The agency's safety director and chief engineer wanted to wait and fix the problem. But NASA Administrator Michael Griffin decided a July 1 launch is worth the added risk for several reasons.
``It's a difficult decision, highly technical, highly subtle, very subtle, involves lots of assessment of statistical risks," Griffin said in an interview. with The Associated Press. ``We spent weeks on this decision."
In engineering geek-speak, what they did is called ``risk analysis." In everyday life, it's making up your mind about seemingly ordinary things that could be deadly.
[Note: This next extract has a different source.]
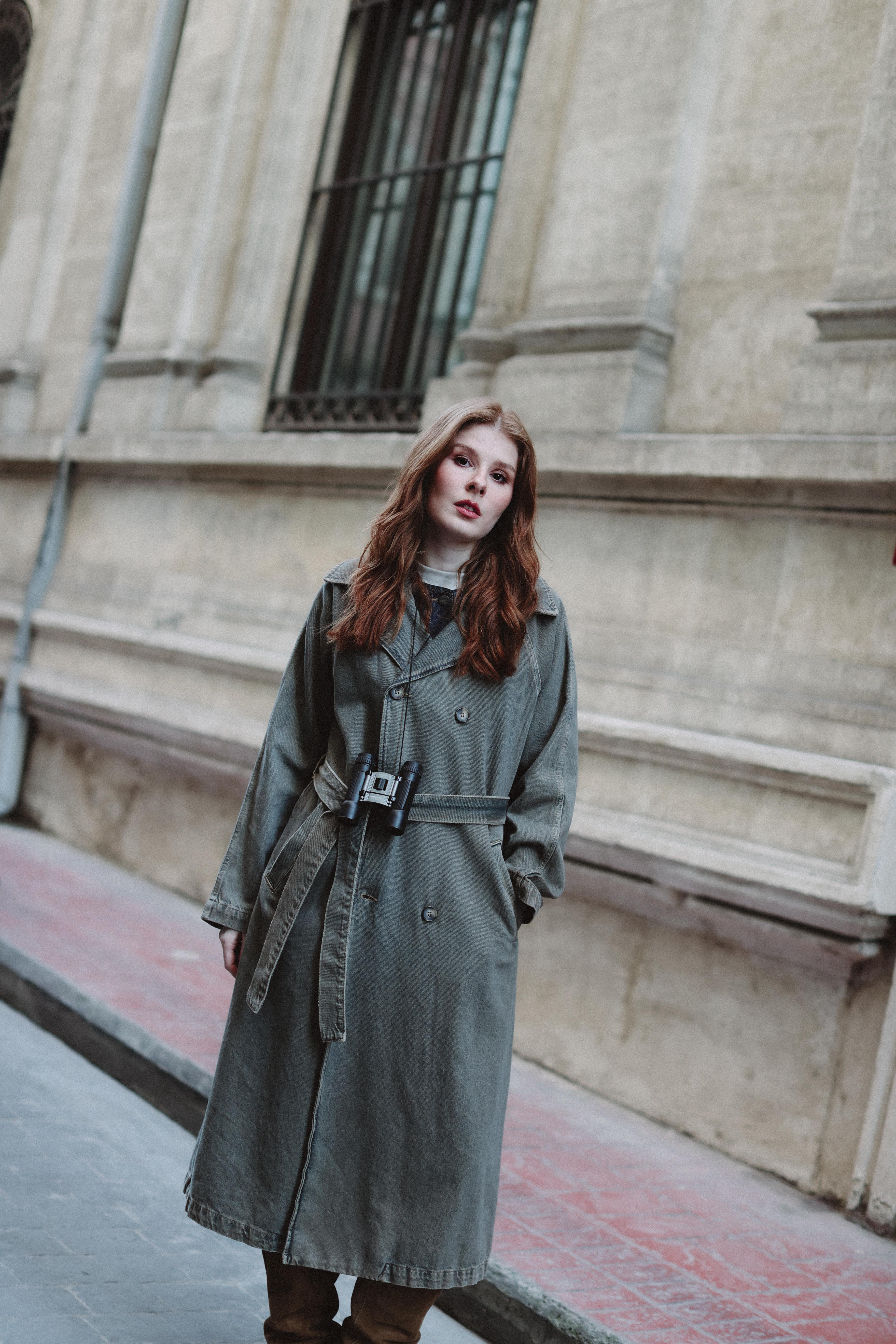 Oversize Fit Kuşaklı Düğmeli Yeşil Kadın Jean Trençkot

Humans have gone into space 717 times and 18 astronauts and cosmonauts have died doing it: the seven Challenger astronauts, the seven aboard Columbia, and four cosmonauts in two Soviet accidents. (The total does not include the three astronauts who died in a fire during a launch pad test aboard Apollo 1 in 1967.)
Discovery astronaut Mike Fossum described how his family is dealing with the risk: ``I have to look my wife in the eye. . . . We've had those discussions. It's not one she is really comfortable with. It's not one anybody really is."
Fossum's crewmate Stephanie Wilson, who will be flying for the first time, joked that 1-in-100 odds are better than 1-in-99, but added, ``Seriously, all of us train for our mission, and we recognize there is a risk."
Michael Stamatelatos, who as director of safety and assurance requirements at NASA is the agency's risk guru, said that NASA's 1-in-100 odds for the loss of a vehicle and its crew should be taken with a grain of salt, because NASA used to say the chances were 1 in 7,000 until Challenger proved that to be overly optimistic.
He said there are too many uncertainties to say precisely what the odds might be this time.